Sheriff Anthony Zertuche said in court Friday, January 6, that he believes it is vital for La Salle County to take advantage of potentially life-saving equipment upgrades recommended by the state governor’s office in the aftermath of a mass shooting at a school in Uvalde last May.
“The governor’s office gave an opportunity for cities and counties to apply for funds for bullet-resistant shields,” Zertuche said. “We prepared an application for La Salle, ten shields at a total cost of $69,000.”
A condition of the funding application is that county or city governments adopt a resolution affirming the need and the request, the sheriff added, and he will have an August deadline to make the purchase.

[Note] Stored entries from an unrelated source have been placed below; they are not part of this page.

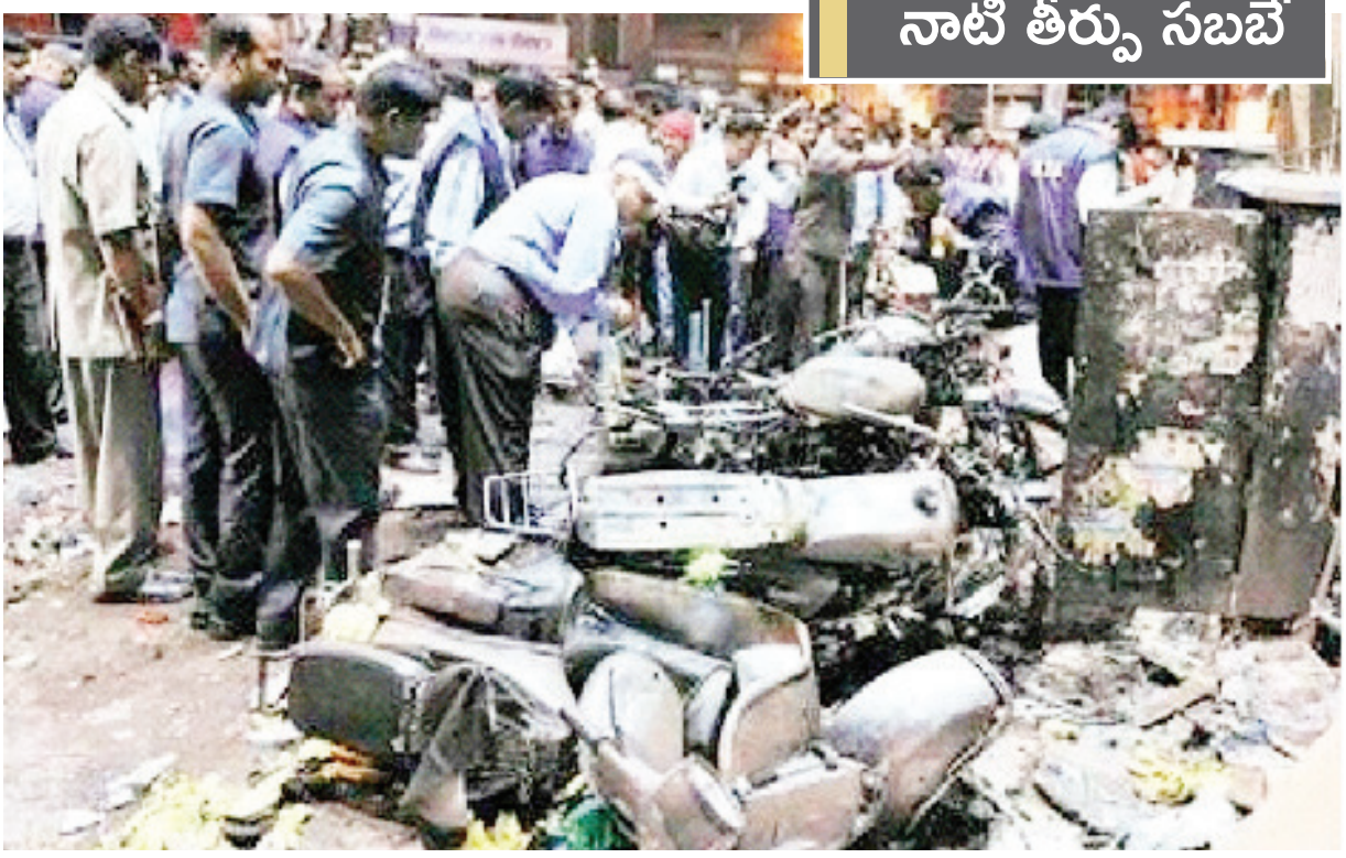
నాటి తీర్పు సబబే
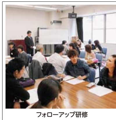
フォローアップ研修

辞めてしまうのではなく「別の施設はどうだろうか」という考えにもつながります。人事異動になっても、知っていることで行きやすいということもあります。
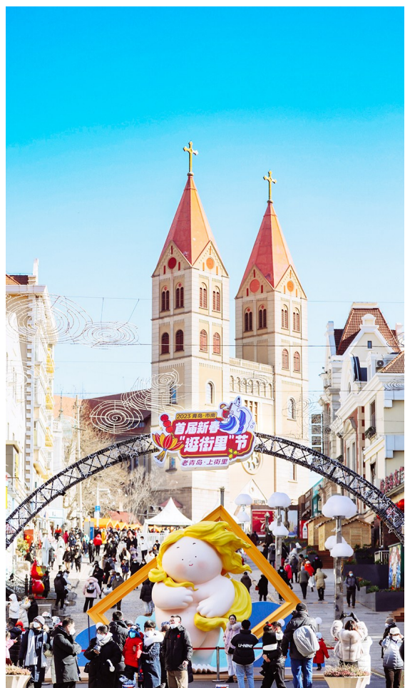
逛街里节的IP装置艺术展吸引游人打卡拍照。

La Salle County has already equipped some of its officers with the shields, however.
“This helps with the purchase we already made,” Zertuche said. “It allows us to buy more shields. We have twenty already. This covers ten of them.”
Commissioners voted as one in favor of the resolution to accelerate the fund application.
Zertuche said after the meeting that he expects all of his officers to have immediate access to the special equipment when the need arises.
Operation Lone Star, which was created by Texas Governor Greg Abbott last year in response to an ongoing pressure of undocumented immigration and asylum seekers at the Texas-Mexico border as well as crime related to human smuggling, provides funding for law enforcement coverage in critical areas. In La Salle County’s case, approximately $500,000 is available from the state for overtime pay, additional patrol shifts, and border security patrols along the IH-35 corridor. According to Sheriff Zertuche, that money may also cover the purchase of three new patrol vehicles by his department.
“Consultant Carl Esser of Uvalde helped us with the grant application,” the sheriff said.
Commissioners agreed to a resolution making the request for the special funding.
In further business related to deputies’ equipment, commissioners gave the green light Friday to the purchase of straw cowboy hats that will become part of the law enforcement agency’s standard uniform.
“We decided to add this to the uniform,” the sheriff said, “because we want to look more uniform in dress. We don’t want some of our officers to show up in ball caps, others in hats… we want everyone to be in the same style.”
Zertuche said he has begun seeking bids for the purchase and gave a preliminary estimate of $102 per hat, but added that the price has only been offered by one vendor so far.
Although the sheriff is in command of his own budget, funds are allocated to him by the county commissioners. The hat purchase, Zertuche said, will require an addition to his department’s allowance.
“The funds are there,” County Treasurer Mary Perez said at the meeting, “as long as you don’t go over budget.”
“Thirty deputies,” the sherif said. “You do the math.”
“This is one hat,” County Judge Leodoro Martinez said. “One hat.”
“If they want felt hats in winter, they’ll have to purchase their own,” the sheriff said.
Commissioners approved the purchase without further discussion.
“Now I want to see all the deputies with hats,” the county judge said.